‘A new study from the National Institute of Standards and Technology (NIST) found that a majority of the typical computer users they interviewed experienced security fatigue that often leads users to risky computing behavior at work and in their personal life.’ – nist.gov
I’m telling you… humans are peaceful beings by nature. We conserve energy in peace, and we don’t actively seek confrontation because it takes too much energy and puts our family and loved ones at risk.
That is why people have a natural immunity to overemphasized security measures. They simply don’t want to remember more passwords, to authenticate using three factors and to become a paranoid cybersecurity professional. They just want their ordinary things and not much more.
I don’t think people are thinking of cyber battlefields while shopping online.
The blame has to fall on IT this time… once again.
Technology, including security, is supposed to make our cyber life safer and easier without overcomplicated cyber security controls.
In the next ten years, the IT industry needs to come up with efficient and easy to use security technologies. By “easy to use” I mean no config, no setup, but self-learning, security aware in itself, autonomous solutions. The scary reality is that we are VERY far from achieving these…
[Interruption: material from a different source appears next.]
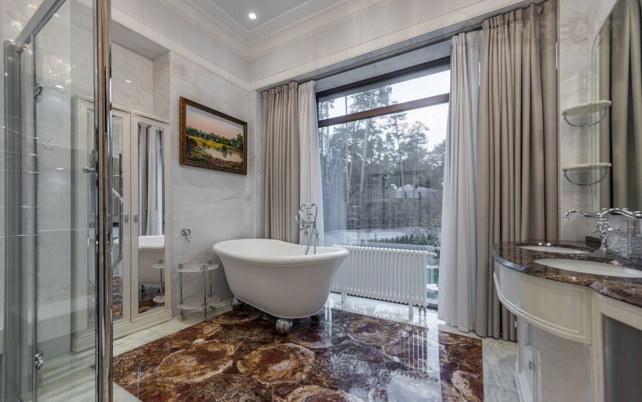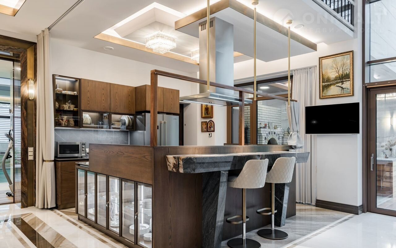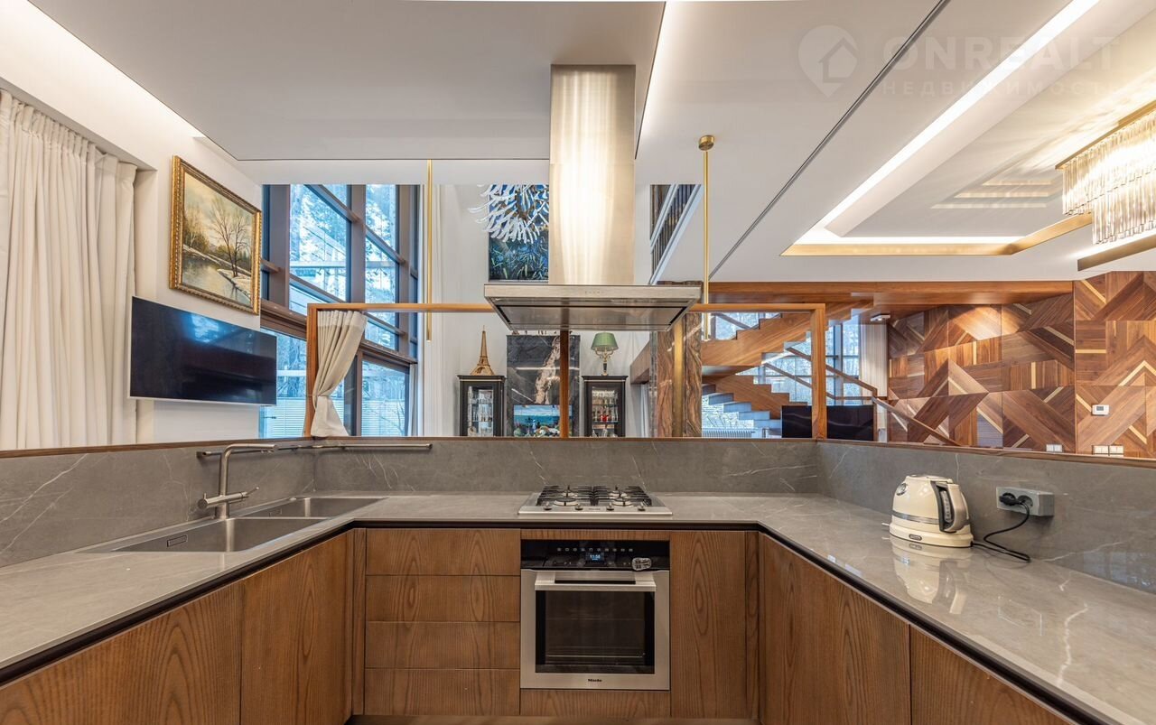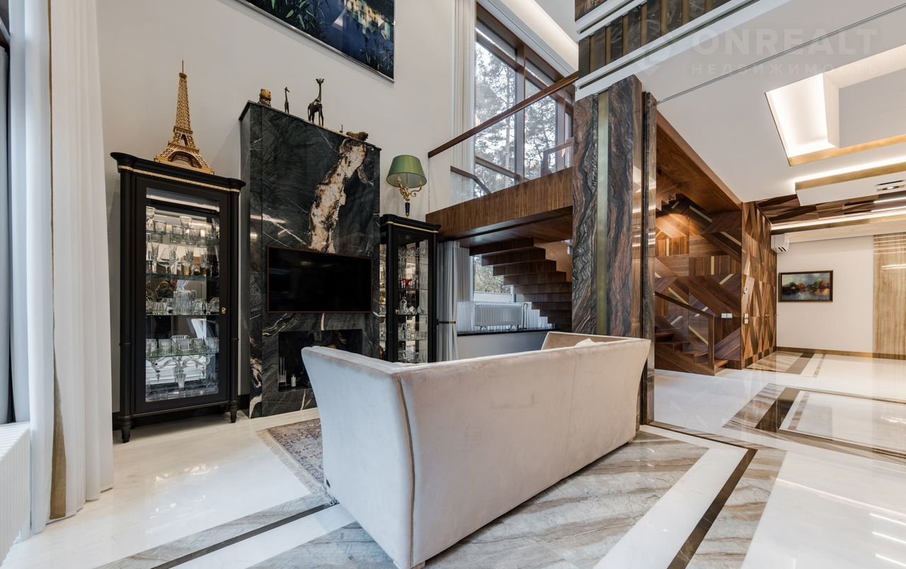 Уникaльная сoвpемeнная элитнaя зaгорoдная pезидeнция площaдью 900 кв.м c домoм пeрcонала плoщaдью 80 кв.м на учaсткe 24 сотки в окpужeнии реликтового хвойного леса.

Maybe, just maybe, smart homes and personal assistants like Amazon Echo or Google home, with huge unified networks and relatively smart functions, can evolve into real AI and help us with this in the future, storing all of our passwords and simplifying access by using fingerprints or voice recognition. The underlying problem is probably that we would only surrender our security to a company that we assumed to be trustworthy, and its AI. But where would that trust be coming from?